ECLI:NL:GHARL:2018:949

Gerechtshof Arnhem-Leeuwarden

Datum uitspraak
30 januari 2018
Publicatiedatum
31 januari 2018
Zaaknummer
200.023.291
Instantie
Gerechtshof Arnhem-Leeuwarden
Type
Uitspraak
Rechtsgebied
Civiel recht
Procedures
  • Hoger beroep
Vindplaatsen
  • Rechtspraak.nl
AI samenvatting door LexboostAutomatisch gegenereerd

Aansprakelijkheid ProRail voor schade door ontsporing goederentrein

In deze zaak, die voor het Gerechtshof Arnhem-Leeuwarden diende, ging het om de aansprakelijkheid van ProRail voor de schade die is ontstaan door de ontsporing van een goederentrein in Boxtel. De appellante, DB Schenker N.V. (voorheen Railion Nederland N.V.), stelde dat ProRail eigen schuld had aan de ontsporing omdat zij in 2005 hotboxsystemen had moeten aanleggen om de veiligheid op en rond het spoor te verbeteren. Het hof oordeelde dat Railion de stelplicht en bewijslast droeg voor haar stelling dat ProRail deze systemen had moeten installeren. Tijdens een comparitie van partijen op 22 september 2017 werd vastgesteld dat Railion geen nadere gegevens kon verstrekken over de stand van wetenschap en praktijk in 2005, wat de onderbouwing van haar stellingen bemoeilijkte.

Het hof concludeerde dat er onvoldoende bewijs was voor de stelling van Railion dat ProRail had moeten handelen zoals zij stelde. De argumenten van Railion werden niet overtuigend genoeg bevonden, en het hof oordeelde dat het beroep op eigen schuld faalde.
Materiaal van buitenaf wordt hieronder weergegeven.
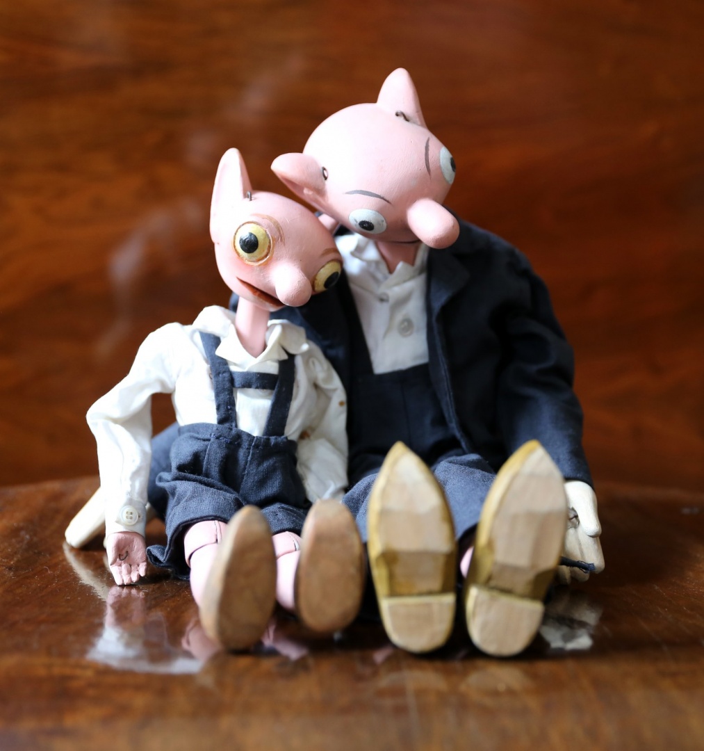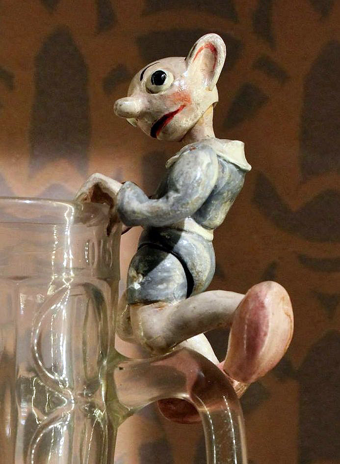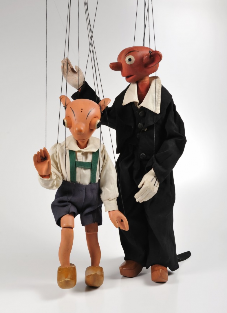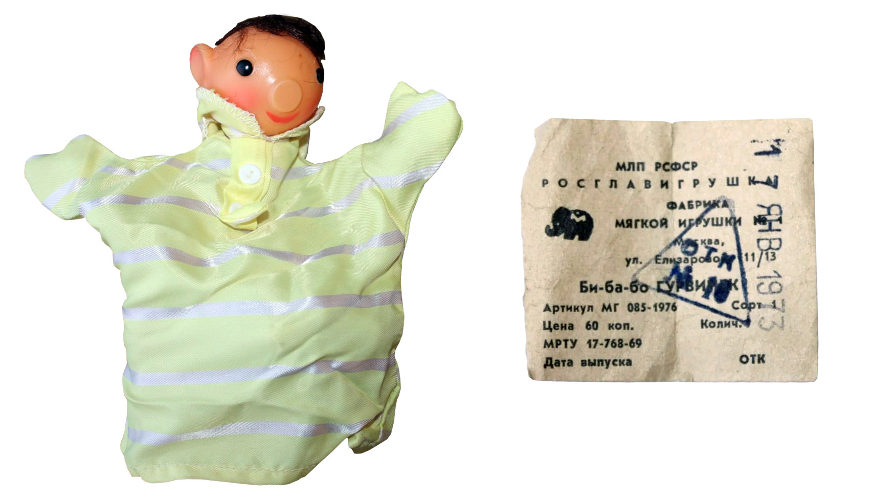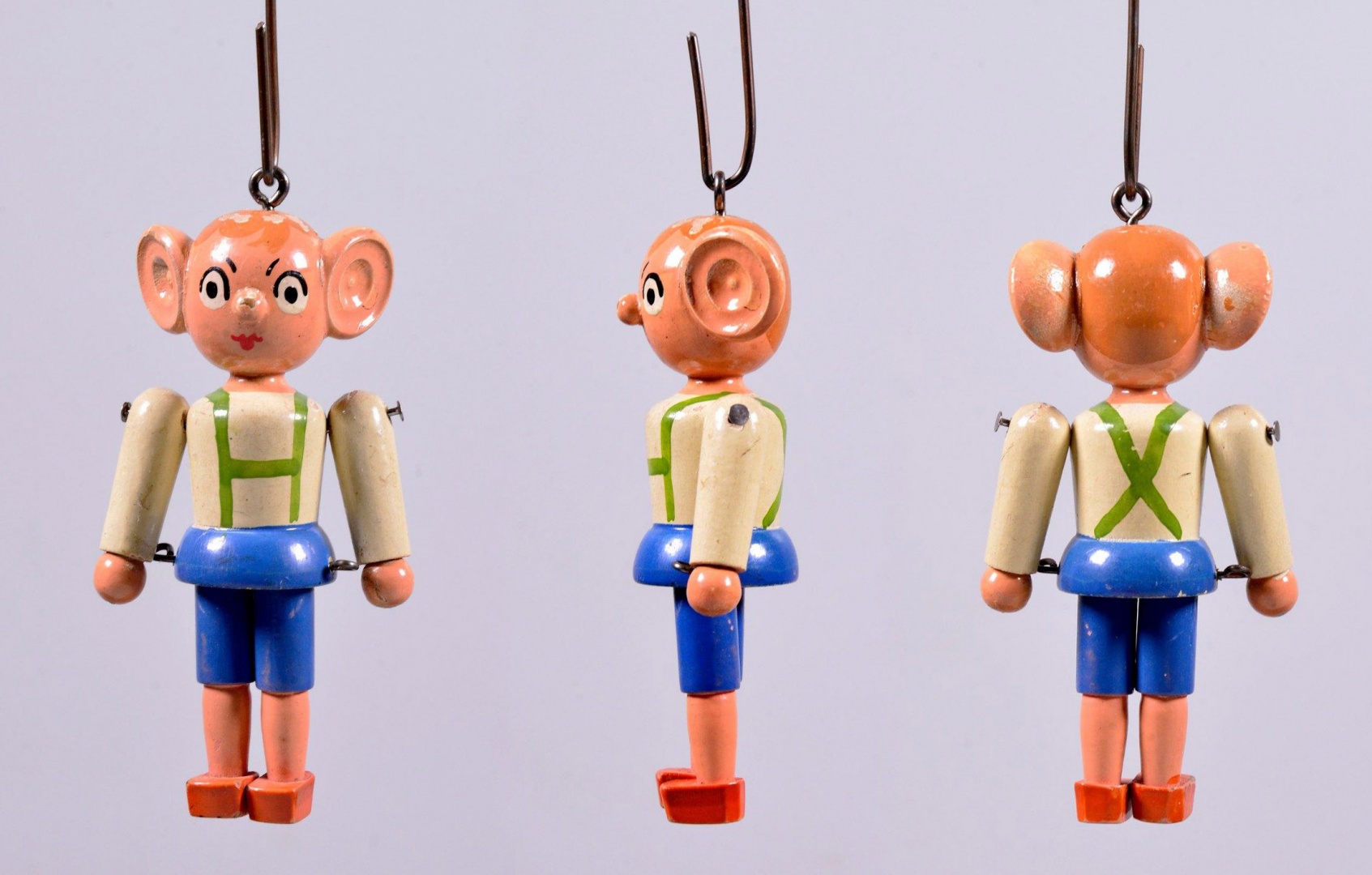 Hračkový Hurvínek (loutka s výkyvnou hlavou a pohyblivými údy), vyráběná od roku 1949 z trvanlivé hmoty podle návrhu akademické malířky a sochařky Marie Borkové-Fischerové.
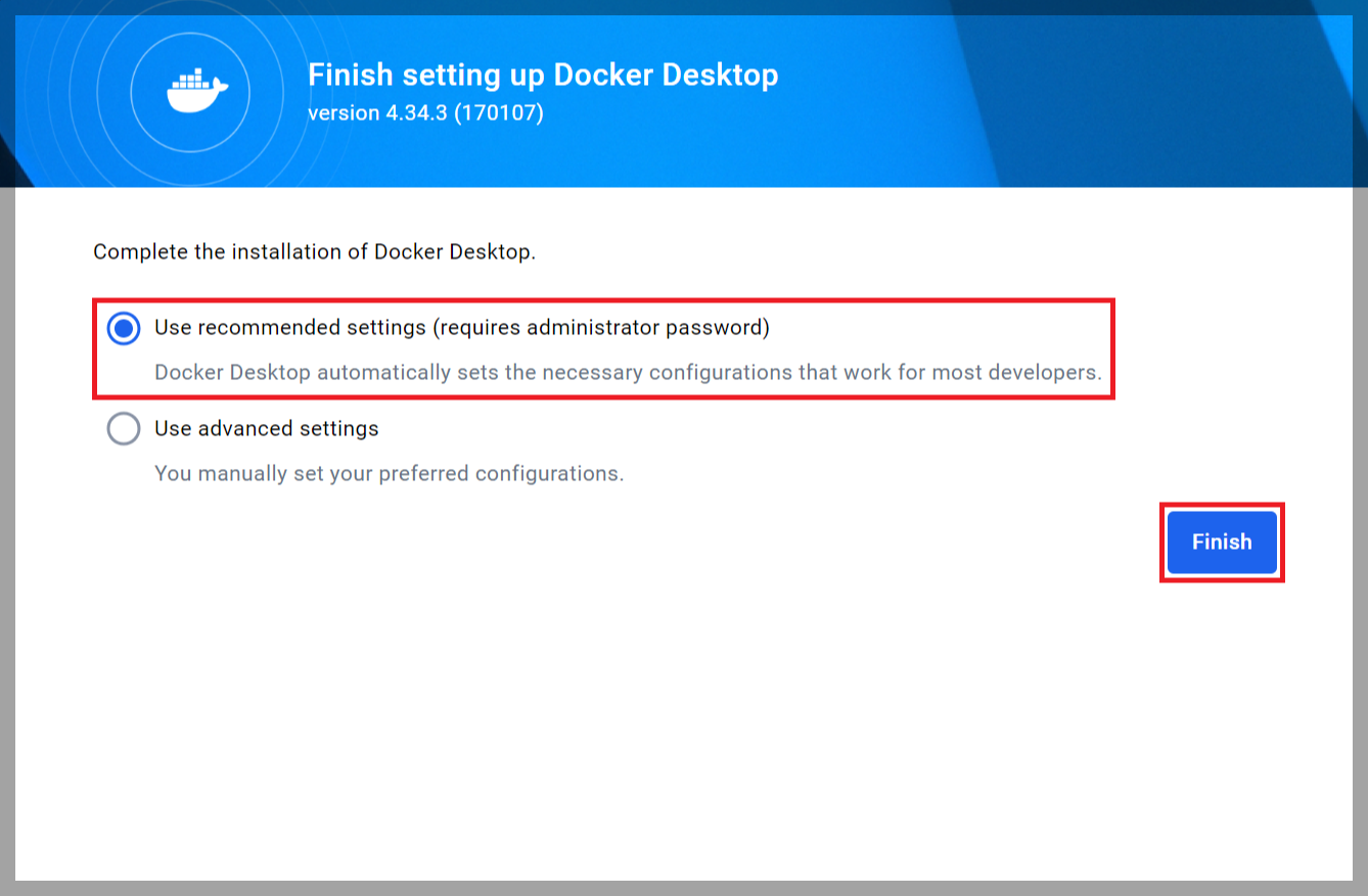 자동 셋팅된 설치를 하기 위해 [Use recommended settings]를 선택 후 [Finish] 클릭해줍니다.

Hierdoor werd Railion aansprakelijk gesteld voor de gehele schade die in hoger beroep aan de orde was. Het hof handhaafde ook zijn eerdere beslissing over de wettelijke rente, waarbij het oordeelde dat ProRail niet kon terugkomen op een bindende eindbeslissing. Uiteindelijk werd het vonnis van de rechtbank Utrecht gedeeltelijk bekrachtigd, maar de wettelijke rente werd toegewezen vanaf specifieke data, en Railion werd veroordeeld in de kosten van het hoger beroep.

Uitspraak

GERECHTSHOF ARNHEM-LEEUWARDEN

locatie Arnhem
afdeling civiel recht, handel
zaaknummer gerechtshof 200.023.291/02
(zaaknummer rechtbank Utrecht 234995)
arrest van 30 januari 2018
in de zaak van
de naamloze vennootschap met beperkte aansprakelijkheid
DB Schenker N.V.,
voorheen Railion Nederland N.V.,
gevestigd te Utrecht,
appellante,
in eerste aanleg: gedaagde,
hierna: Railion,
advocaat: mr. I.M.C.A. Reinders Folmer,
tegen:
de besloten vennootschap met beperkte aansprakelijkheid
ProRail B.V.,
gevestigd te Utrecht,
geïntimeerde,
in eerste aanleg: eiseres,
hierna: ProRail,
advocaat: mr. T. van der Valk.

1.Het verdere verloop van het geding in hoger beroep

1.1
Het hof neemt de inhoud van het tussenarrest van 17 mei 2016 hier over. Bij dat arrest is een comparitie van partijen bepaald, die heeft plaatsgevonden op 22 september 2017. Hierbij is akte verleend van de stukken die bij bericht van 8 september 2017 door mr. Van der Meché namens ProRail zijn ingebracht. Aan het slot van de comparitie heeft het hof arrest bepaald.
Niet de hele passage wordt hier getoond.